About this task » Exactly as written, set down the lines from the top of the entries through the line bearing "Univerzální nůž Fiskars", with every picture left out.

[Opening Source data section]

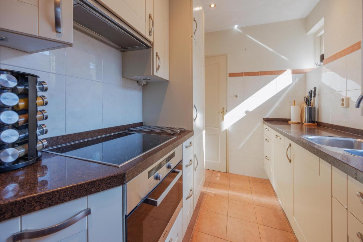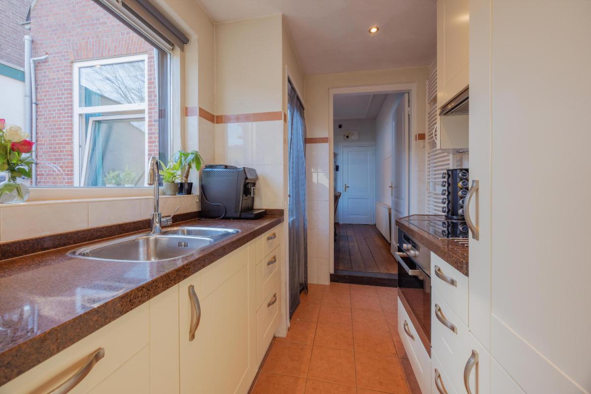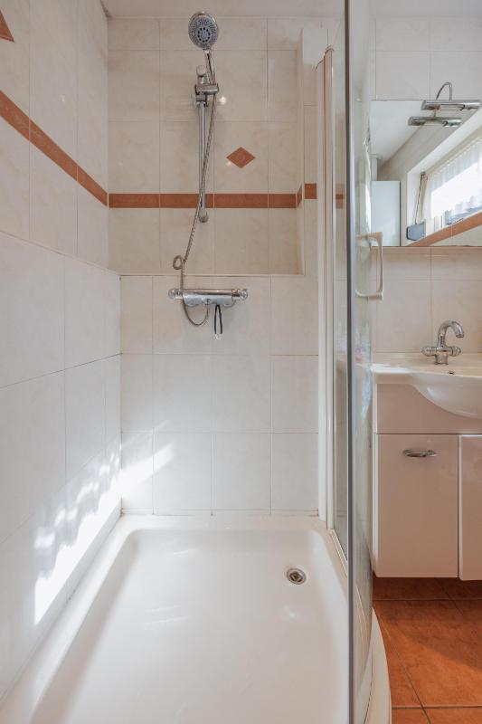 De keuken is uitgerust met diverse inbouwapparatuur, waaronder een vaatwasser, kookplaat, koelkast en combimagnetron. Vanuit hier bereikt u de badkamer, die is voorzien van een douchecabine, wandcloset, wastafelmeubel en warmwatervoorziening.
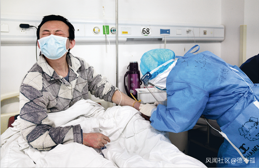 ▲2020年2月12日10:33,金銀潭醫院綜合樓一樓病區,上海護士正在為病人扎針。(董天曄 攝)
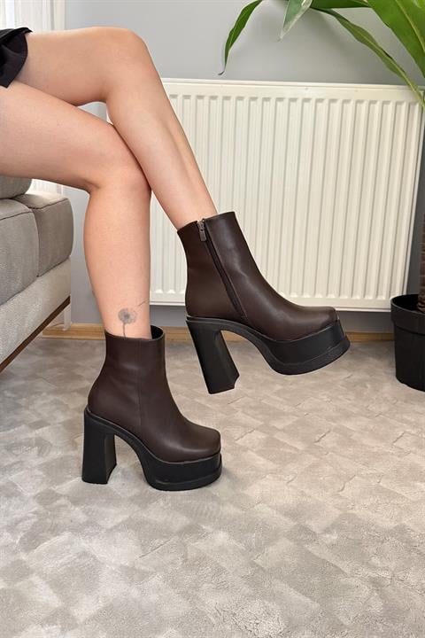 Kadın Nomire Bej Deri Büzgülü Sivri Burun Kalın Topuklu Bot
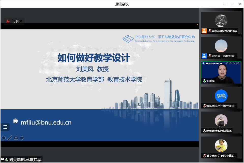 北京师范大学教育学部教育技术学院教授、博士生导师刘美凤作了题为《如何做好教学设计》的专题报告。刘教授从分析教育教学的工作流程入手,结合学生核心素养培养、多元智能协调发展与培养、学习理论的流派分析、教学要素的合理搭配、教学模式新变化等内容详细讲解了教学设计的5个基本原则,指出教学设计要尊重学科专业本质及其发展规律、尊重教育教学规律和学生学习的心理机制。刘教授的报告内容丰富,对提高教师的教学设计能力和教育教学能力,促进学生全面发展有很大的帮助。
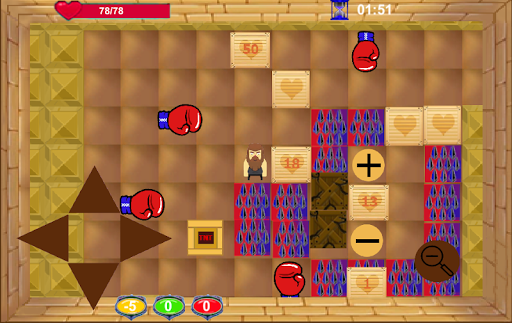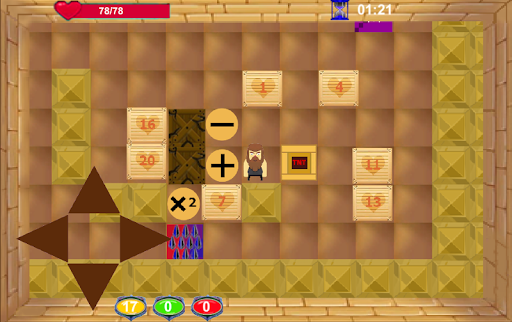 Box Pusher is a mind game where you push boxes with diffrent numbers and colors to the right spots (“+”)(“-“)(“x”) , you have 3 numbers of diffrent colors and you must make the required numbers equal to 0 , but be aware that tou can only push boxes and not pull them back.
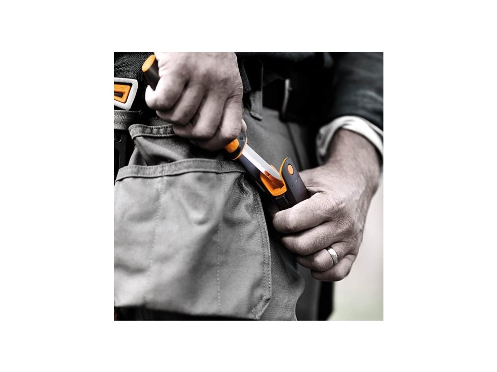 Univerzální nůž Fiskars s brouskem je univerzální nůž s čepelí z vysoce kvalitní oceli. Je součástí nové řady univerzálních nožů Fiskars s integrovaným brouskem, která byla vyvinuta ve spolupráci s nejnáročnějšími uživateli nožů. Inovativní, vestavěný brousek máte vždy u sebe, a může si tak být jisti, že nikdy nebudete muset řezat tupým nožem nebo přerušit práci.
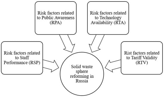 According to (), any change in the waste-management system is subject to risks. The larger the scale of the system and the longer the implementation period for changes, the higher the level of various types of risks. Therefore, when reforming the waste management in the Russian regions, the risk indicator is quite high.
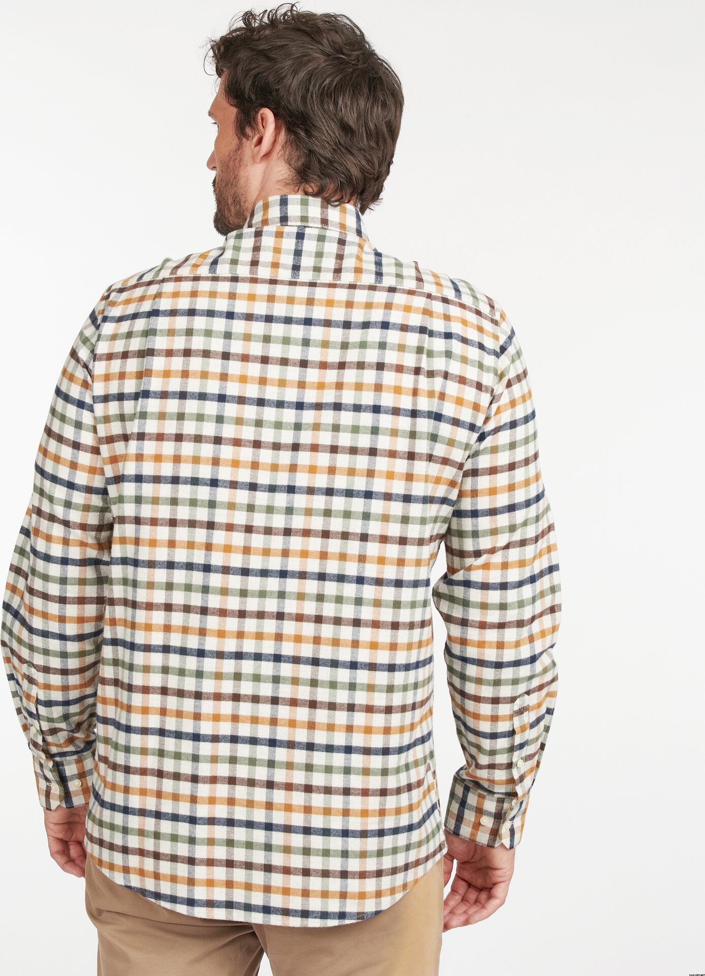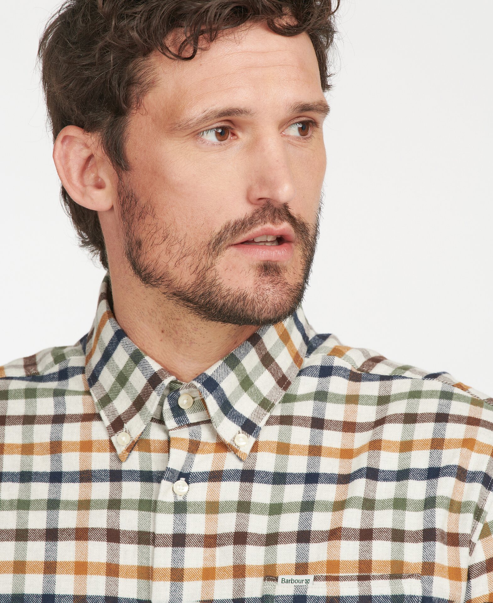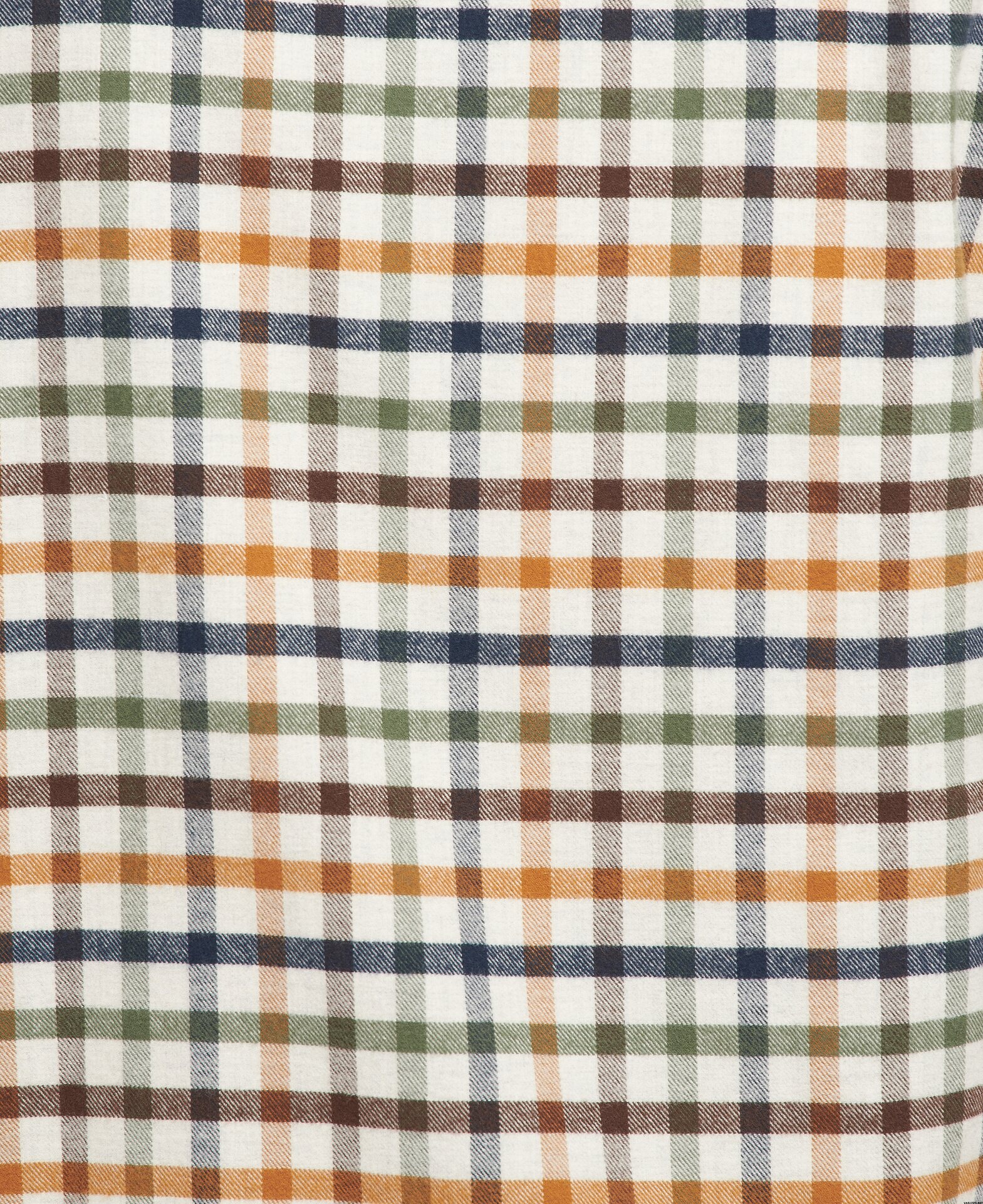 Long sleeved tattersall check shirt in classic colourways with a button down collar and branding tab to the wearers left chest.
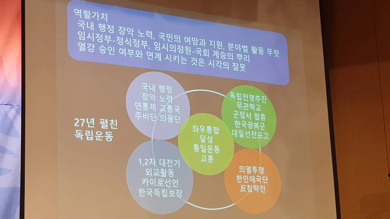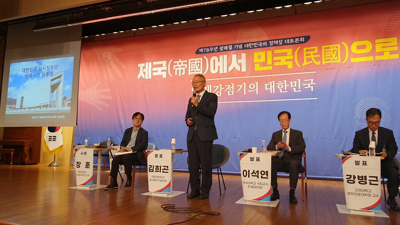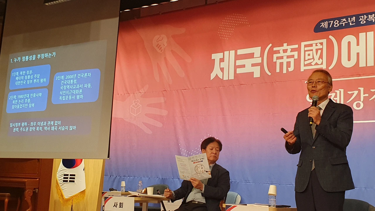 대한민국 건국 정통성 논쟁은 북한 정권이 앞장서서 주도했다는 해석도 나왔다. 이날 발제자로 나선 김희곤 국립대한민국임시정부기념관장은 "북한은 한반도에서 배타적이고 독점적인 정통성을 주장하고 나섰는데, 거기엔 임정에 대한 극단적 비판이 깔려있었다"며 "이 전 대통령부터 대한민국 정부가 임정을 계승한다는 사실을 천명했기 때문"이라며 “김일성 우상화, 항일투쟁사 왜곡 등을 갖다 붙인 이유”라고 밝혔다. 김 관장은 또 지난 1980년대 일부 진보 성향 역사학자들 중심으로 제기된 민중사학에 대해 “대한민국 임시정부를 짓밟는 북한의 논리를 계승했다”며 “유신정권, 군사정권이 배타적인 정통성을 주장하는 방편으로 임시정부를 부각하자 이에 맞서 임시정부의 역사와 가치를 짓밟고 나선 것”이라고 비판했다.

[Closing Source data section]

Answer »
 De keuken is uitgerust met diverse inbouwapparatuur, waaronder een vaatwasser, kookplaat, koelkast en combimagnetron. Vanuit hier bereikt u de badkamer, die is voorzien van een douchecabine, wandcloset, wastafelmeubel en warmwatervoorziening.
 ▲2020年2月12日10:33,金銀潭醫院綜合樓一樓病區,上海護士正在為病人扎針。(董天曄 攝)
 Kadın Nomire Bej Deri Büzgülü Sivri Burun Kalın Topuklu Bot
 北京师范大学教育学部教育技术学院教授、博士生导师刘美凤作了题为《如何做好教学设计》的专题报告。刘教授从分析教育教学的工作流程入手,结合学生核心素养培养、多元智能协调发展与培养、学习理论的流派分析、教学要素的合理搭配、教学模式新变化等内容详细讲解了教学设计的5个基本原则,指出教学设计要尊重学科专业本质及其发展规律、尊重教育教学规律和学生学习的心理机制。刘教授的报告内容丰富,对提高教师的教学设计能力和教育教学能力,促进学生全面发展有很大的帮助。
 Box Pusher is a mind game where you push boxes with diffrent numbers and colors to the right spots (“+”)(“-“)(“x”) , you have 3 numbers of diffrent colors and you must make the required numbers equal to 0 , but be aware that tou can only push boxes and not pull them back.
 Univerzální nůž Fiskars s brouskem je univerzální nůž s čepelí z vysoce kvalitní oceli. Je součástí nové řady univerzálních nožů Fiskars s integrovaným brouskem, která byla vyvinuta ve spolupráci s nejnáročnějšími uživateli nožů. Inovativní, vestavěný brousek máte vždy u sebe, a může si tak být jisti, že nikdy nebudete muset řezat tupým nožem nebo přerušit práci.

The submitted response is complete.